In the estimation of one PCB official, the chances of it happening are “50-50”. On Tuesday, the board sought clarification from its Indian counterpart on the status of a series that is supposed to be the first of six the pair signed up for in May 2014.

The series is supposed to be played this December but despite Pakistani persistence, the Board of Control for Cricket in India (BCCI) has yet to confirm that it will go ahead.

In fact, the BCCI secretary Anurag Thakur said in July that any resumption in ties was unlikely until political relations between the two countries improved. With time running out, the PCB chairman Shaharyar Khan wants the BCCI to make a final decision sooner rather than later.

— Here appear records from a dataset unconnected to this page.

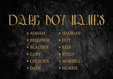 Choose a name that means “dark.” If you’re looking for a literal dark name, there are plenty of options that mean “dark,” “dark-haired,” or something similar. For example, Prior likes names like Donahue (meaning “dark warrior) and Ciaran, which means “dark-haired.” Here are some other popular and unique dark boy names: Adham (Arabic for “black”) Bellinor (French for “beautiful and dark person”) Blackwell (English for “dark well”) Blagden (English for “dark alley”) Blake (English for “dark”) Cary (Irish for “dark ones”) Chaya (Sanskrit for “shadow”) Colburn (English for “dark brook”) Cole (English for “swarthy, black coal”) Dade (Gaelic for “dark one”) Darcy (Irish for “dark”) Dargan (Irish for “dark-haired”) Donovan (Irish for “dark”) Douglas (Scottish for “dark river”) Hadrian (Scandinavian for “dark one”) Jett (English for “black”) Keir (Gaelic for “dark-haired”) Kyrin (Irish for “dark-haired”) Morrell (Latin for “dark-skinned”) Morris (Latin for “dark”) Noir (French for “black”) Orpheus (Greek for “darkness of the night”) Ozul (Hebrew for “shadow”) Sullivan (Irish for “little dark eyes”) Sunil (Sanskrit for “very dark blue”) Meet the wikiHow Experts Sonya Prior is a baby naming expert and content creator known as the BB Namer based in Auckland, New Zealand. She shares name content to over 30K followers across Instagram and TikTok. Chloe Hodgson is a baby name expert based in the UK. She’s been fascinated by names for as long as she can remember and began sharing her passion on Instagram in 2018.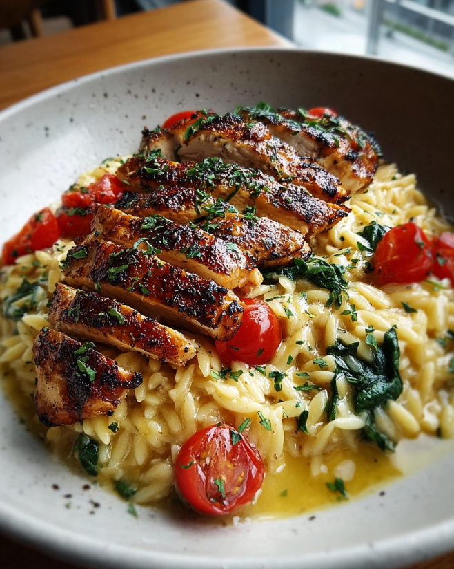 A delightful dish that combines the bright flavors of lemon and fresh herbs with tender chicken, savory orzo pasta, and vibrant vegetables.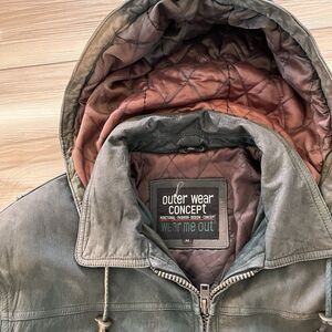This coat is in good used condition-- it doesn't look brand new, it has signs of wear. Leather and lining are faded or sun bleached in areas. The leather color is VERY non-uniform. Despite the variegation to the color, this jacket has held up very well. Stitching is in tact with the exception of a few lines of stiches in the hood. No tears, one pocket has a hole which I mended and you may feel the difference but I'm a decent mender. The hood is detachable, the lining in the hood has a lot of sun bleaching. Personally I would ditch the hood because I prefer just a collar (style-wise) but I'll leave it up to you.

“We are asking them that you have signed an MoU, now are you going to play us or not?” he told The National. “Fluctuations in the political climate keep happening but we have to decide. We’ve written a gentle letter to them asking them to let us know and not to leave it till the last minute.”

The series has come under increasing doubt as relations between the governments have faltered. Despite the climate, Shaharyar has made several attempts to repair ties, visiting India twice recently.

As a former diplomat and the board chairman who helped restart bilateral cricket with India in his first stint in the early 2000s, he has some sway. But the political atmosphere between the two countries has proved to be a particularly difficult obstacle this time.

“We are saying: ‘are you coming or not? If you need government permission, then go and get it’,” he said.

The status is further complicated by the availability of only the smallest window within which the series can take place.

India are engaged in a home series with South Africa that finishes on December 7. They are also scheduled to play Australia in a limited-overs series in Australia that begins on January 12.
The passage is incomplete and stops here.